Né à Buffalo en 1943. Jackson C. Frank grandit dans la petite ville de Cheektowaga, non loin des chutes du Niagara. Quand son école brûle, il fait partie des survivants. Une guitare offerte par l’un de ses professeurs vient éclairer sa douloureuse convalescence. C’est l’époque où Elvis Presley devient le king: Pour fêter le retour à la maison, la mère de Jackson offre à son fils une visite à Graceland. En cette résidence royale, l’incroyable rencontre fortuite a lieu entre l’enfant brûlé et la jeune star, qui passe quatre heures avec lui et sa guitare.

Commence la période bénie du jeune musicien, que Thomas Giraud sait analyser de cette manière quasi médiumnique qui avait déjà fait merveille avec Elisée Reclus. Car l’essentiel de son analyse, si elle met en mouvement des blocs de biographie bien identifiés, tient dans une sorte d’empathie imaginative avec ce personnage aux couleurs pastel.

Paul Simon sur sa route

 

Devant un tableau de Rothko, couleur peau et Bétadine, il découvre « la nécessité d’une forme géométrique pour encadrer et rassurer ses chansons ». L’auteur nous fait entrer dans la vision interne du musicien, repérant sa fixation objectale sur ce morceau de peau qu’il a greffé au front et qu’il semble fixer de l’intérieur… Un artiste ne naît pas au monde sans ce fin ajustage de ses capteurs sensoriels, de ses infirmités, de ses blessures sur ce grand tout qu’il s’apprête à chanter. Mais voici que l’argent de l’assurance tombe. Fortuné et fou de voitures, Jackson prend le bateau pour se rendre à la concession londonienne de Bentley, et à bord, fixant une sorte de losange hallucinatoire apparu mentalement, écrit ses premières chansons. Cela sonne comme du Pete Seeger. Il se glisse dans l’universel folk, avec son look de séminariste, son air « d’échassier égaré ». Nous nous l’étions peut-être imaginé enfant noir? Voici que Thomas Giraud nous le montre, « blond comme les blés, beau comme un astre (…) qui boîte et se balade en automobile de luxe ».
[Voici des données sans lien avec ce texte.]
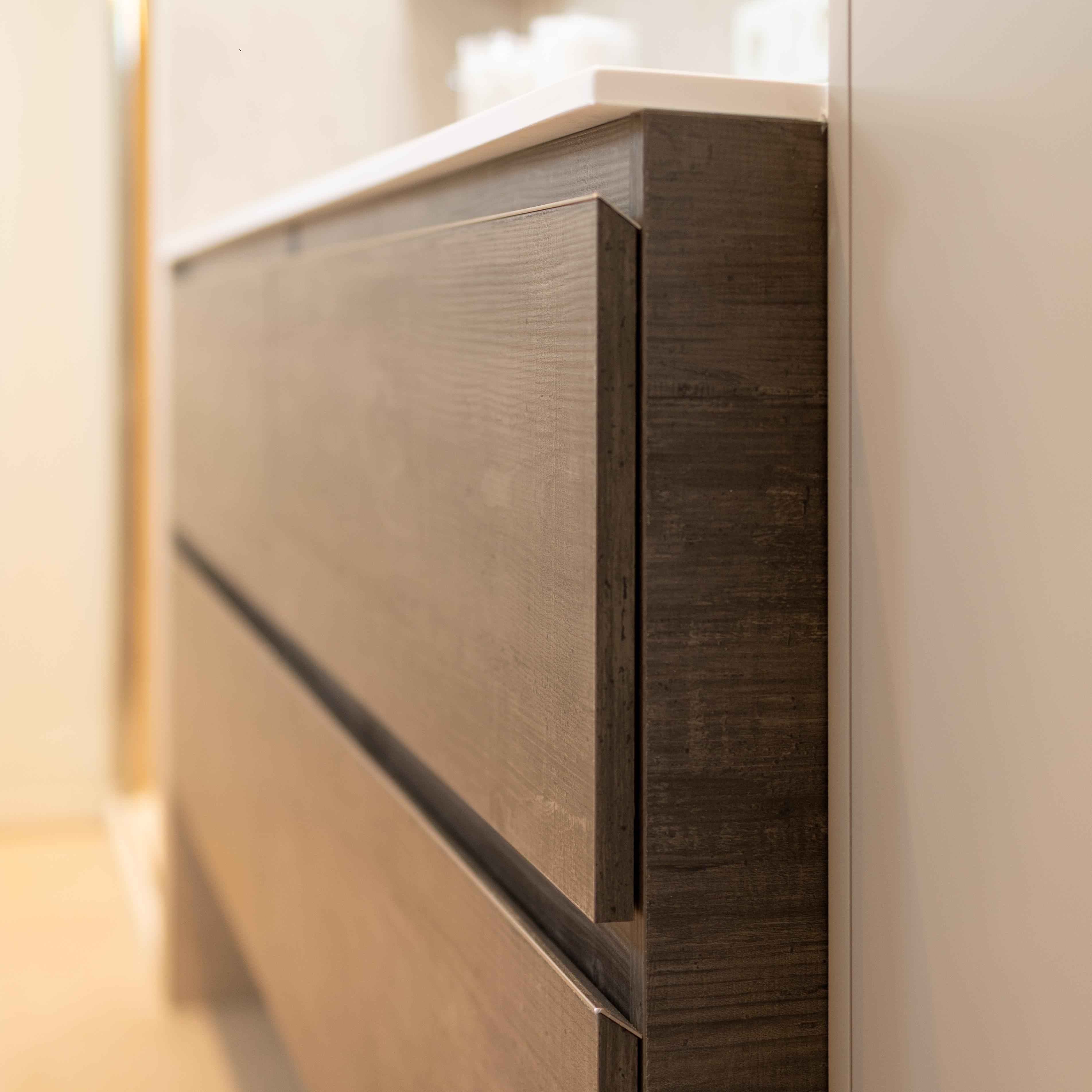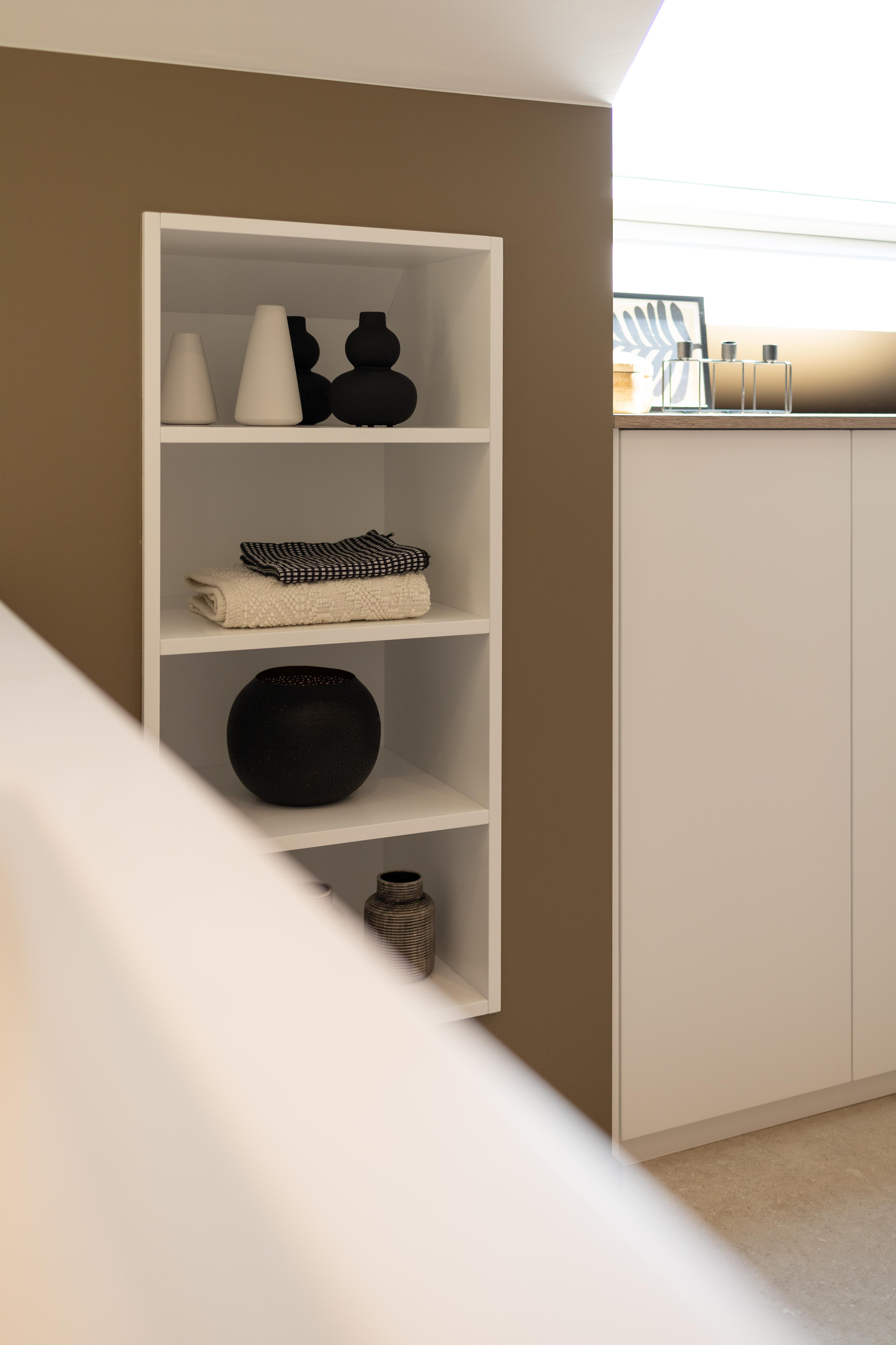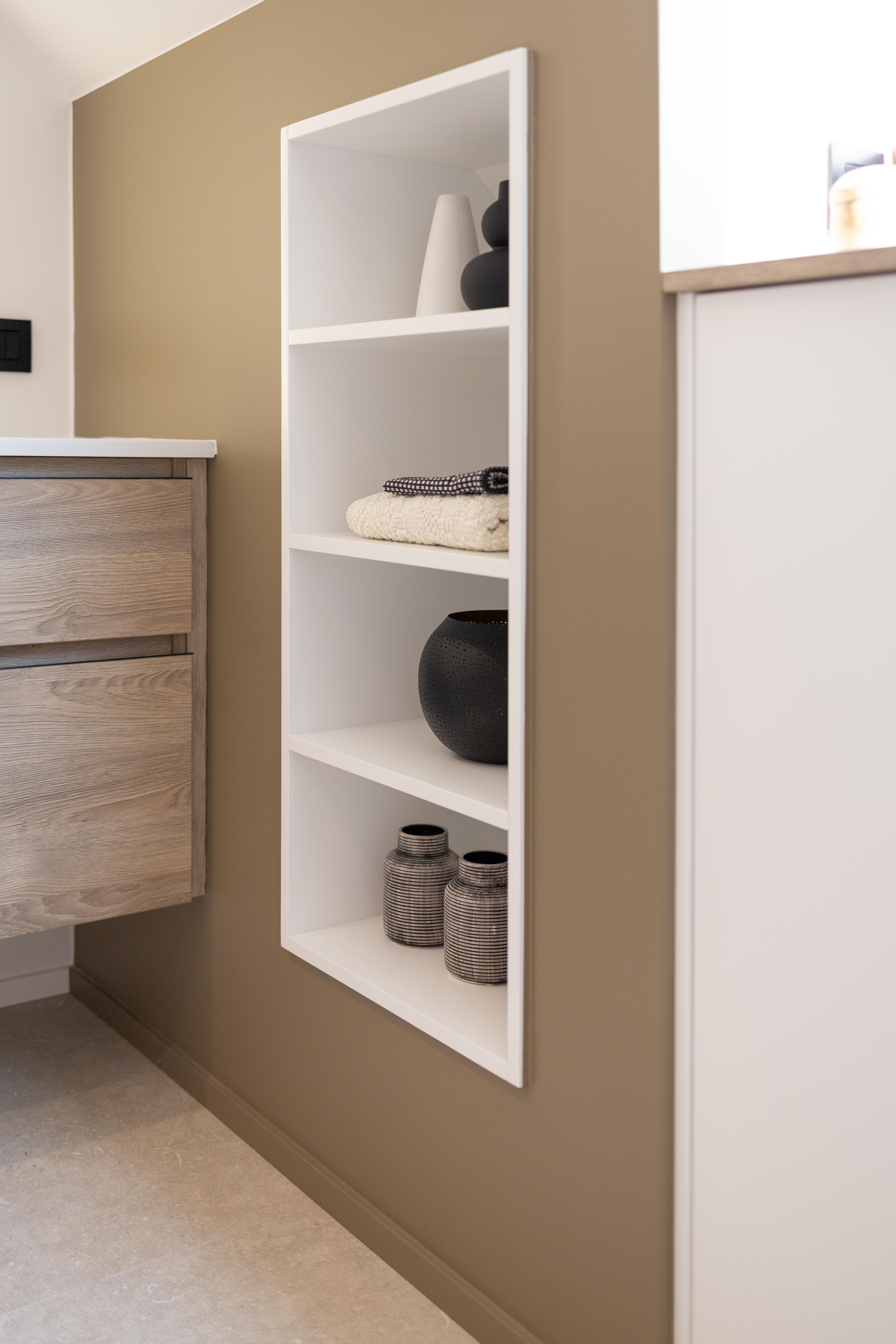 Quand le sur-mesure permet de tout intégrer harmonieusement. La salle de douche a été pensée pour accueillir un coin buanderie parfaitement intégré, discret et esthétique. Chaque détail a été conçu pour optimiser l’espace tout en conservant une ambiance douce et moderne. Un aménagement aussi beau que pratique !

Son chemin croise celui de Paul Simon, déjà en route pour la gloire. Paul lui loue un studio encore tout chaud des traces d’un « jeune loup frisé » appelé Dylan. Paul sait le dorloter, l’enfermer dans un cocon de paravents pour qu’il accouche de son album. C’est magnifique, Blues run the game sort de sa gangue, Jackson se coule dans le swinging London, claque sa fortune, et puis sans prévenir, c’est l’échec. L’album sorti en décembre 1965 fait un flop. La critique flingue le chanteur à la Bentley. Diagnostic? Thomas Giraud: « Il y a une promesse de choses en mouvement que l’on ne sent pas chez Jackson alors que tout le monde n’attend que ça. Jackson ne secoue pas vraiment, il est une brise légère ». Ne pas être Mozart ou Bach est possible, il existe une place pour chacun, mais de fait la comparaison peut sembler cruelle entre les deux méthodes de travail. Celle de Dylan qui incarne la puissance créatrice à l’oeuvre, indomptable improvisateur, progressant au fil d’une « narration audacieuse et aventureuse », et celle de Jackson C. Franck, dans un « juste milieu entre le folk anglais et américain », dont les morceaux « sont terminés comme pris dans le ciment ». Et cette observation cruelle de Thomas Giraud: « Jackson avait dit en 1960 après avoir vu Dylan sur scène, pourtant médusé par autant de talent, Je pourrais faire aussi bien, je ferai mieux. C’est raté. Il est en retard. Il a 22 ans en 1965. À 22 ans, Dylan avait déjà au moins 30 ans. »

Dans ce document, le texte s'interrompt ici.